Friday, November 16, 2007

BIDU HORROR SHOW


Welcome to the Baidu (BIDU) horror show. Those of you who bought the false rally on Tuesday are really hurting today. Hopefully, you had the sense to at least sell as the stock went up. The corrective bounce or dead cat bounce was expected and was a shorting opportunity, not a buying opportunity.
Let's forget about the past. Baidu is no longer a leading stock. Heck in a market correction, no stocks are leading, that is if you don't count the way down. As above chart shows, on a daily scale, you will notice that for the past two days, the stock sold off hard into the close only to show buying activity the last 30 minutes. Do not mistake this as a harbinger for a rally. It is a set up for further short. True, if you bought the close today, and if you sell quickly in the morning, the likelihood of a profit is there, but why chance it. (I am asking myself that question right now as well.)
Overall, Baidu failed and sliced through the $334 support level which now presents a formidable resistance. I believe Baidu may make a gallant attempt at $334 but will ultimately fail to hold that level. This means that it may also retest the lows of the day tomorrow at $315.57. It appears that the market makers will try to pin this around $320 tomorrow at OPEX.
If this stock breaks $315.57, look out! It will retest the $297 level.
Overall, horrible looking chart, unless you are a short. In that case, sweet dreams!

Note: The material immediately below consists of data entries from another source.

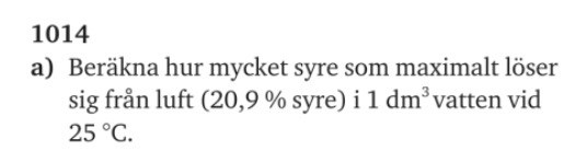 Smaragdalena skrev:Förmodligen är det meningen att du skall använda dig av Henrys lag. Du behöver veta att luften består till 20,9% av syrgas för att kunna beräkna syrgasens partialtryck.
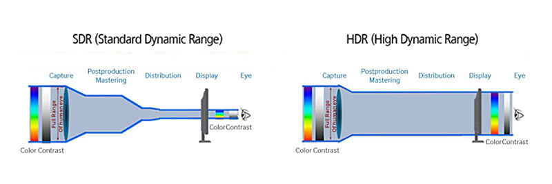 В стандарте SDR процесс мастеринга требует значительного сокращения динамического диапазона захваченного контента; в HDR сохраняется гораздо больший динамический диапазон вплоть до конечного продукта (ТВ или проектор).
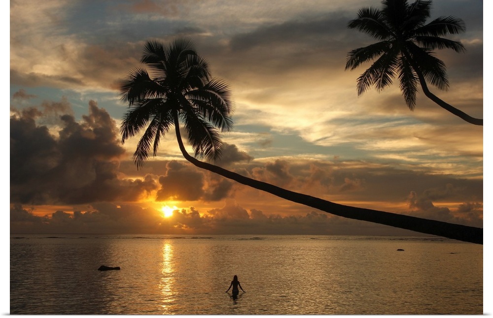 <p>Silhouette of leaning palm trees and a woman at sunrise on Taveuni Island, Fiji</p>
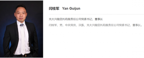 据悉,闫桂军于2015年4月出任光大信托总裁,2018年6月起代行光大信托董事长职权,2019年3月任光大信托董事长。
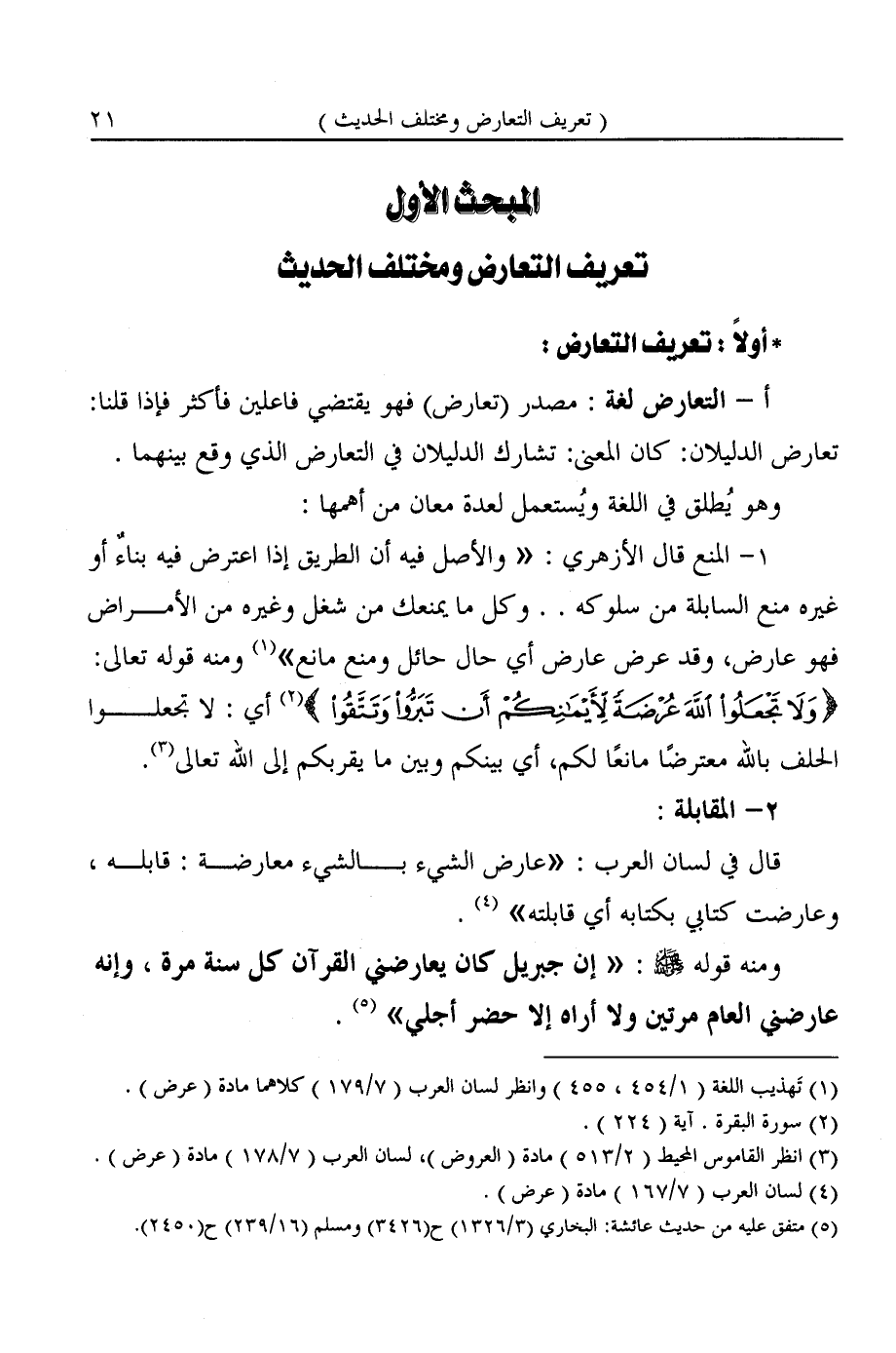 المبحث الأول تعريف التعارض ومختلف الحديث

Thursday, November 15, 2007

SPX 1450 Must Be Defended or Else...



Another tough day for the market today. The relentless selling has not lost steam. What is worse, the SPX has breached for the good part of the day, the support level at 1450. The only meager solace in this action is that SPX ended the day above 1451.15 on a last minute surge in buying. There is nothing bullish about this action. Furthermore, the bulls need to pray that this level of support holds, else we may retest the 1430 level, which, if broken, is considered a bear market signal.

Who are we kidding? All the leading momentum stocks have rolled over and are falling faster than a knife through hot butter. Google (GOOG), Bidu (BIDU), Research in Motion (RIMM), Apple (AAPL), and many more have fallen by the way side.

Don't listen to the so called market experts who are calling for a "Turkey Rally". As I said before, the turkey has already been killed and the carcass is rotting. This is not the time to be picking at the bottom, as we have not yet found any bottom support. Stay in cash or go short if you are inclined to do so, but under no circumstances listen to the market gurus such as Jim Cramer. They are all confused and scared.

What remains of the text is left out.